Maths A Level Question - C3 Integration?

2016-06-18 6:44 am
I'm really stuck on question 14 and 16 (pictured) - unlike the rest of the questions in my homework, there's 2 brackets. Can someone help me please?
更新1:

Sorry the picture wouldn't load but the questions (definite integrals) are: 14) (3x^2-1)(x^3-x+4)^4 16) (x-1)(x^2-2x+4)^7

更新2:

Could someone do it through integration by inspection?
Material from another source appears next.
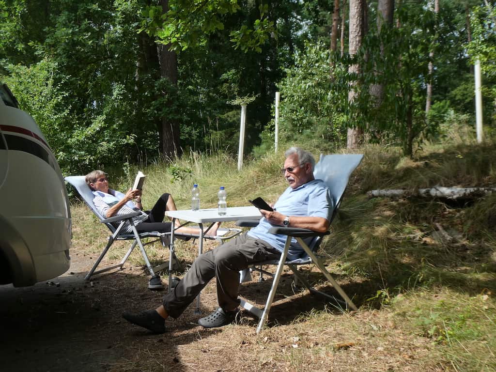 Gegen 17 Uhr kam urplötzlich ein starker Regenschauer. Es schüttete wie aus Kübeln. Da kam bei den meisten unserer Nachbarn plötzlich Hektik auf. Wir hatten zum Glück unsere Fahrräder schon lange vorher verräumt und die Markise eingerollt, da wir morgen weiter fahren wollen und ungern eine nasse Markise einrollen. Wir schafften gerade noch die Stühle in der Garage zu versorgen, aber für den Tisch reichte es nicht mehr. Der nimmt bei Regen aber keinen Schaden.
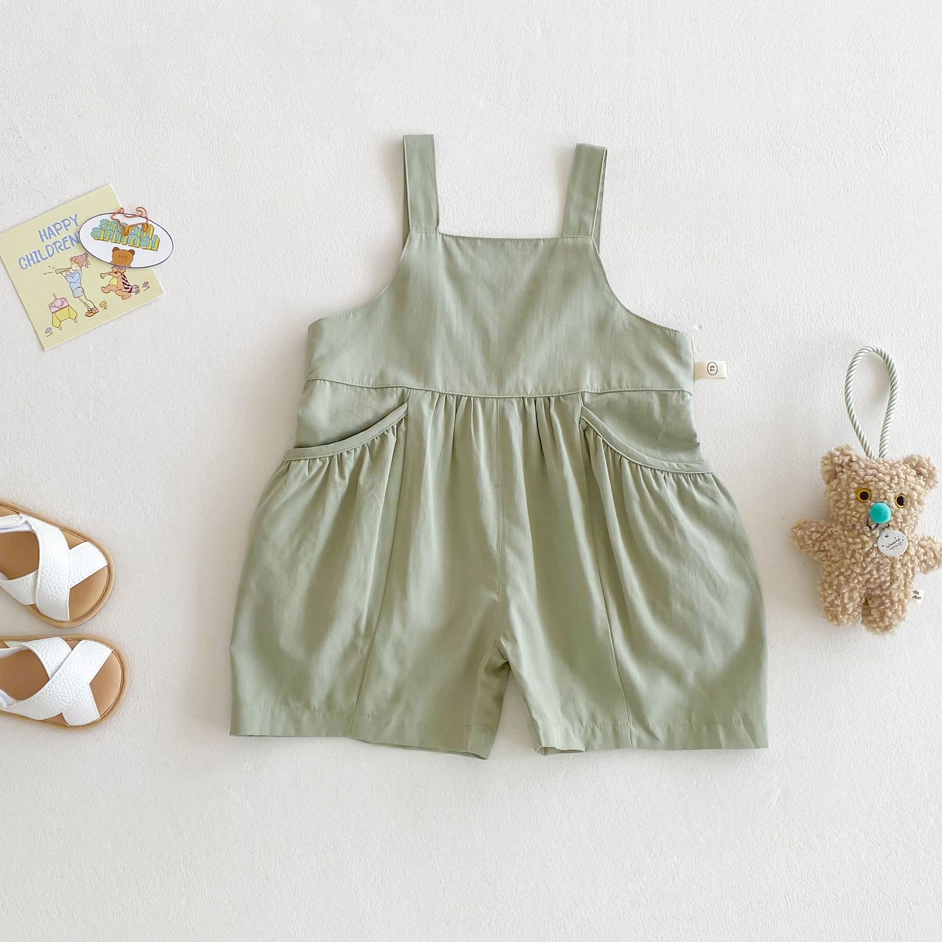 어린이 솔리드 컬러 스트랩 바지 2025 새로운 여름 소녀 서양식 한국 스타일 디자인 센스 캐주얼 바지 아기 바지 얇은스토어 가기

That's what we're learning about and the method we know is just 'increase power, divide by new power x derivative of bit within brackets'!???

回答 (4)

2016-06-18 4:13 pm
✔ 最佳答案
By 'inspection' you say?? When integrating a function using inspection, we are looking for a function that 'differentiates' to give us the existing function.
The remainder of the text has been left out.